» **Task brief**: Copy the material below verbatim from the line with "Далее все просто" to the line with "Смотреть на море", both lines included, omitting pictures and every line outside that range.

» **Data provided**:
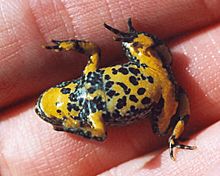 Most amphibians of the Loire are found in the slow flow areas near the delta, especially in the floodplain, marshes and oxbows. They are dominated by the fire salamander (Salamandra salamandra), frogs and toads. The toads include Bufo bufo, Alytes obstetricans, Bombina variegata, Bufo calamita, Pelobates fuscus and Pelobates cultripes. The frogs are represented by the Parsley frog (Pelodites punctatus), European tree frog (Hyla arborea), Common Frog (Rana temporaria), Agile Frog (R. dalmatina), Edible Frog (R. esculenta), Perez's Frog (R. perezi), marsh frog (R. ridubunda) and Pool Frog (R. lessonae). Newts of the Loire include the Marbled Newt (Triturus marmoratus), Smooth Newt (T. vulgaris), Alpine Newt (T. alpestris) and Palmate Newt (T. helveticus).[1]
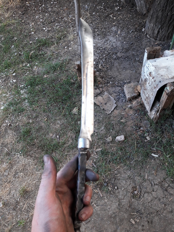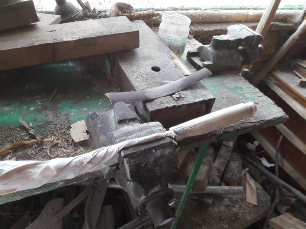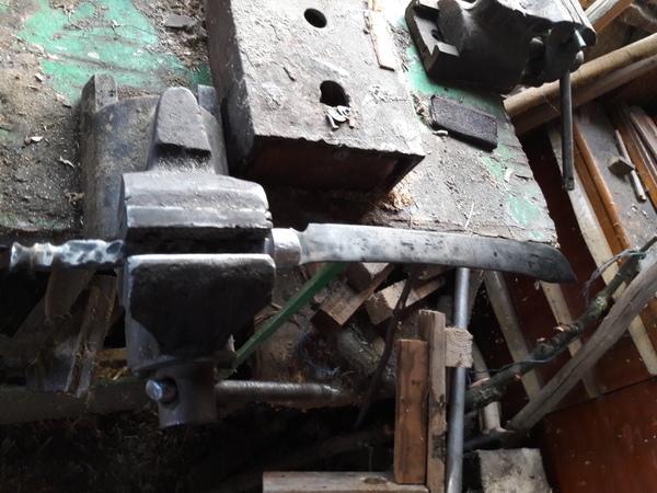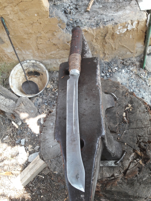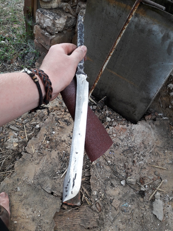 Далее все просто нагреваем метал, берем молот по тяжелее и бьем. Долго бьем, пока не получим подходящую форму. Если сплющили в лепешку и не получили нужную форму берем напильник или болгарку, или наждак, или гриндер и вытачиваем нужную форму.
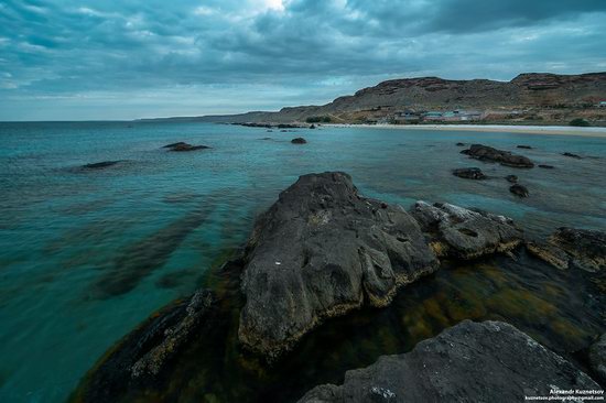 Смотреть на море и небо можно бесконечно - волны, набирающие высоту, и облака, окрашенные солнцем, сливающиеся воедино. Предлагаем вам взглянуть на жемчужину Казахстана - Голубую бухту и насладиться прекрасной панорамой и атмосферой снимков Александра Колесникова.
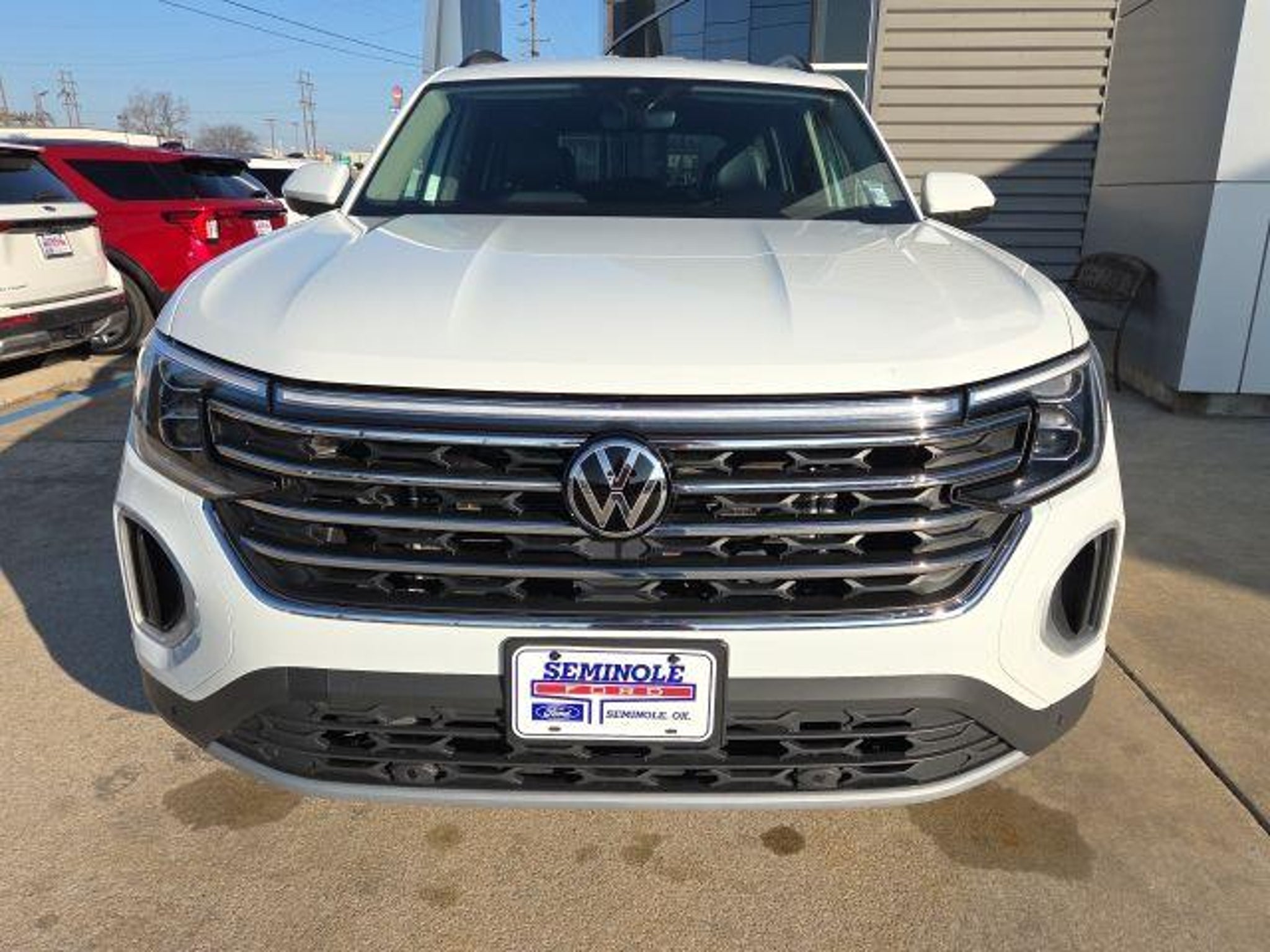2025 Volkswagen Atlas 2.0T SE w/Technology ONE OWNER, CLEAN CARFAX, BLUETOOTH, REAR VIEW CAMERA, BLIND SPOT MONITOR, Backup Camera. 2.0L TSI FWD 20/26 City/Highway MPG 20 2-tone machined alloy wheels, 3rd row seats: split-bench, 4-Wheel Disc Brakes, 6 Speakers, ABS brakes, Air Conditioning, Alloy wheels, AM/FM radio: SiriusXM with 360L, Auto High-beam Headlights, Auto-dimming Rear-View mirror, Automatic temperature control, Brake assist, Bumpers: body-color, Compass, Delay-off headlights, Driver door bin, Driver vanity mirror, Dual front impact airbags, Dual front side impact airbags, Electronic Stability Control, Emergency communication system: VW Car-Net Safe & Secure 5-year, Exterior Parking Camera Rear, Four wheel independent suspension, four-wheel independent suspension, Front anti-roll bar, Front Bucket Seats, Front Center Armrest, Front dual zone A/C, Front fog lights, Front reading lights, Fully automatic headlights, heated and Actively ventilated front bucket seats, Heated door mirrors, Heated front seats, Heated steering wheel, Illuminated entry, Low tire pressure warning, MIB3 composition media radio, Occupant sensing airbag, Outside temperature display, Overhead airbag, Overhead console, Panic alarm, Passenger door bin, Passenger vanity mirror, perforated V-Tex leatherette seating surfaces, Power door mirrors, Power driver seat, Power Liftgate, Power steering, Power windows, Radio data system, Rain sensing wipers, Rear air conditioning, Rear anti-roll bar, Rear reading lights, Rear seat center armrest, Rear window defroster, Rear window wiper, Remote keyless entry, Security system, Speed control, Speed-sensing steering, Split folding rear seat, Spoiler, Steering wheel mounted audio controls, Tachometer, Telescoping steering wheel, Tilt steering wheel, Traction control, Trip computer, Turn signal indicator mirrors, Variably intermittent wipers, and Ventilated front seats. IF WE DON'T SERVE YOU, WE DON'T DESERVE YOU! Seminole Ford proudly serving the following communities Seminole, Shawnee, Prague, Tecumseh, Wewoka, Holdenville, Wetumka, Ada, Norman, Stroud, Okemah & Meeker.

» **Response below**:
 Далее все просто нагреваем метал, берем молот по тяжелее и бьем. Долго бьем, пока не получим подходящую форму. Если сплющили в лепешку и не получили нужную форму берем напильник или болгарку, или наждак, или гриндер и вытачиваем нужную форму.
 Смотреть на море и небо можно бесконечно - волны, набирающие высоту, и облака, окрашенные солнцем, сливающиеся воедино. Предлагаем вам взглянуть на жемчужину Казахстана - Голубую бухту и насладиться прекрасной панорамой и атмосферой снимков Александра Колесникова.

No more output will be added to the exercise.